[Stored entries]
--- START ---

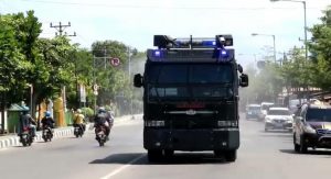 Watercanon Polda Beraksi, Jalan Dalam Kota Palu di Disinfektan
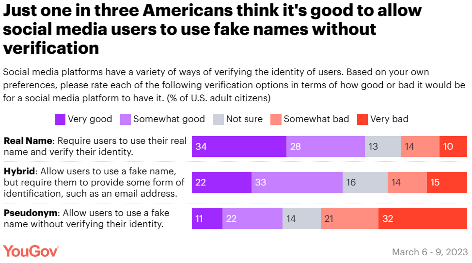 在 “允许用户匿名” 还是 “要求用户接受身份验证” 这一问题上,美国人更倾向于后者。大多数受访者(62%)认为,平台要求用户使用真实姓名并验证其身份是个好主意(“非常好”或“比较好”)。半数受访者(55%)认为应允许用户使用假名,同时要求他们提供某种形式的身份证明,如电子邮件地址。另有 33% 的受访者赞同无需身份验证的匿名制。
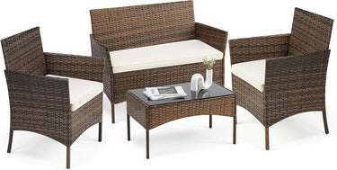 مجموعه مبلمان پاسیو Sweetcrispy شامل ۴ قطعه، مبلمان فضای باز با کوسن نرم و میز شیشهای، صندلیهای حصیری بافت دستی مقاوم در برابر همه شرایط آب و هوایی برای باغ، تراس، ایوان، چمن (قهوهای و بژ)
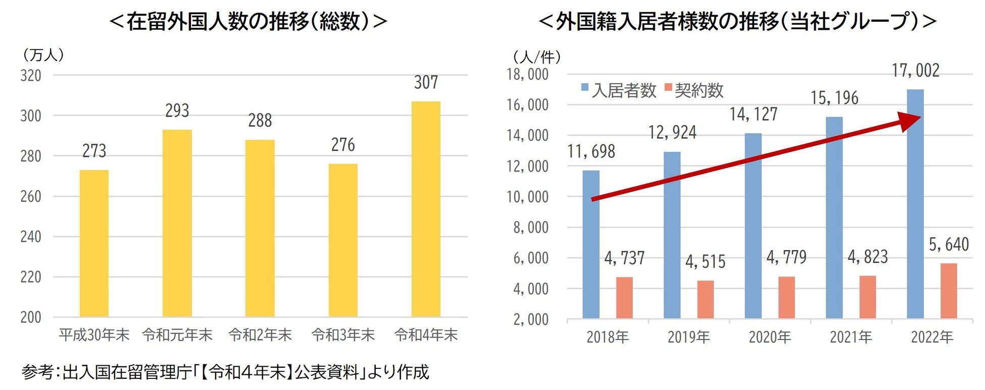 同社は、昨年10月の新型コロナウイルス感染症に関する水際対策緩和以降、急速に回復しつつあるインバウンド需要に対応するため、外国籍入居者様の更なる受け入れ強化を目指します。
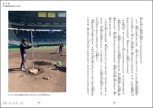 児童書ノンフィクション『すごいグラウンドの育て方 阪神甲子園球場のひみつ』では、テレビやネットでのプロ野球・高校野球中継時にその整備姿が注目され、“神整備”とも称されるようになった阪神園芸のグラウンド整備について紹介。阪神園芸株式会社の甲子園施設部長のグラウンドキーパー・金沢健児さんが、子どもたちに向けて、まるで生きているかのような外野の芝と内野の土のひみつや、阪神甲子園球場と雨との大事な関係、グラウンドキーパーという仕事の過去・現在・未来、阪神タイガースの名選手とのエピソードなどについて語ってくれています。解説イラストや、阪神園芸のスタッフ自らがおさめた貴重な写真資料も掲載し、阪神甲子園球場の新たな魅力を知ることができる本です。
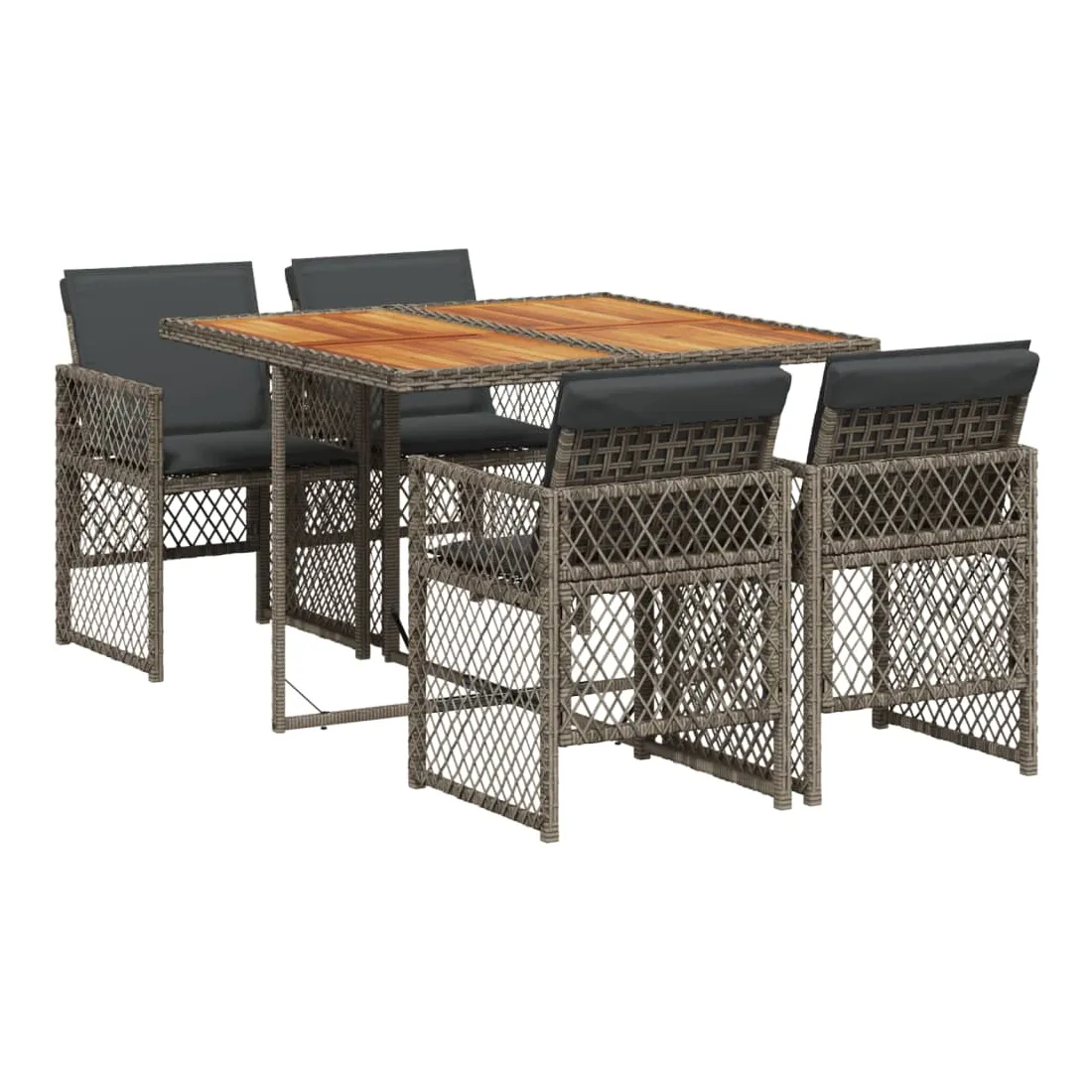 Cet ensemble de salle à manger de jardin est un excellent choix pour les repas en plein air ou pour vous détendre dans le jardin, l'arrière-cour ou le patio. Matériau durable : la résine tressée, également connue sous le nom de poly rotin, est un matériau synthétique solide et nécessitant peu d'entretien qui ressemble au rotin naturel. Elle est légère, facile à nettoyer et couramment utilisée pour les meubles d'extérieur en raison de sa durabilité et de ses propriétés de résistance aux intempéries. Dessus stable et facile à nettoyer : cette table de jardin a un dessus en bois d'acacia robuste, durable et facile à nettoyer avec un chiffon humide. Rangement compact : ces chaises sont dotées d'un dossier rabattable, ce qui permet de les ranger facilement sous la table. Une fois pliées, elles se rangent parfaitement sous la table, formant un cube peu encombrant. Expérience d'assise confortable : ce mobilier d'extérieur, doté de coussins épais, offre une expérience d'assise confortable. Housse amovible et lavable : ces coussins de siège sont dotés de housses amovibles pour un lavage et un entretien faciles. Les housses de coussin de chaise ont un rabat à l'arrière pour une fixation facile aux chaises. Bon à savoir :Pour que vos meubles d'extérieur restent beaux, nous vous recommandons de les protéger avec une housse imperméable.

--- END ---

*Required action*
Please make an exact copy of the records, leaving out any picture.

*Exercise answer*
 Watercanon Polda Beraksi, Jalan Dalam Kota Palu di Disinfektan
 在 “允许用户匿名” 还是 “要求用户接受身份验证” 这一问题上,美国人更倾向于后者。大多数受访者(62%)认为,平台要求用户使用真实姓名并验证其身份是个好主意(“非常好”或“比较好”)。半数受访者(55%)认为应允许用户使用假名,同时要求他们提供某种形式的身份证明,如电子邮件地址。另有 33% 的受访者赞同无需身份验证的匿名制。
 مجموعه مبلمان پاسیو Sweetcrispy شامل ۴ قطعه، مبلمان فضای باز با کوسن نرم و میز شیشهای، صندلیهای حصیری بافت دستی مقاوم در برابر همه شرایط آب و هوایی برای باغ، تراس، ایوان، چمن (قهوهای و بژ)
 同社は、昨年10月の新型コロナウイルス感染症に関する水際対策緩和以降、急速に回復しつつあるインバウンド需要に対応するため、外国籍入居者様の更なる受け入れ強化を目指します。
 児童書ノンフィクション『すごいグラウンドの育て方 阪神甲子園球場のひみつ』では、テレビやネットでのプロ野球・高校野球中継時にその整備姿が注目され、“神整備”とも称されるようになった阪神園芸のグラウンド整備について紹介。阪神園芸株式会社の甲子園施設部長のグラウンドキーパー・金沢健児さんが、子どもたちに向けて、まるで生きているかのような外野の芝と内野の土のひみつや、阪神甲子園球場と雨との大事な関係、グラウンドキーパーという仕事の過去・現在・未来、阪神タイガースの名選手とのエピソードなどについて語ってくれています。解説イラストや、阪神園芸のスタッフ自らがおさめた貴重な写真資料も掲載し、阪神甲子園球場の新たな魅力を知ることができる本です。
 Cet ensemble de salle à manger de jardin est un excellent choix pour les repas en plein air ou pour vous détendre dans le jardin, l'arrière-cour ou le patio. Matériau durable : la résine tressée, également connue sous le nom de poly rotin, est un matériau synthétique solide et nécessitant peu d'entretien qui ressemble au rotin naturel. Elle est légère, facile à nettoyer et couramment utilisée pour les meubles d'extérieur en raison de sa durabilité et de ses propriétés de résistance aux intempéries. Dessus stable et facile à nettoyer : cette table de jardin a un dessus en bois d'acacia robuste, durable et facile à nettoyer avec un chiffon humide. Rangement compact : ces chaises sont dotées d'un dossier rabattable, ce qui permet de les ranger facilement sous la table. Une fois pliées, elles se rangent parfaitement sous la table, formant un cube peu encombrant. Expérience d'assise confortable : ce mobilier d'extérieur, doté de coussins épais, offre une expérience d'assise confortable. Housse amovible et lavable : ces coussins de siège sont dotés de housses amovibles pour un lavage et un entretien faciles. Les housses de coussin de chaise ont un rabat à l'arrière pour une fixation facile aux chaises. Bon à savoir :Pour que vos meubles d'extérieur restent beaux, nous vous recommandons de les protéger avec une housse imperméable.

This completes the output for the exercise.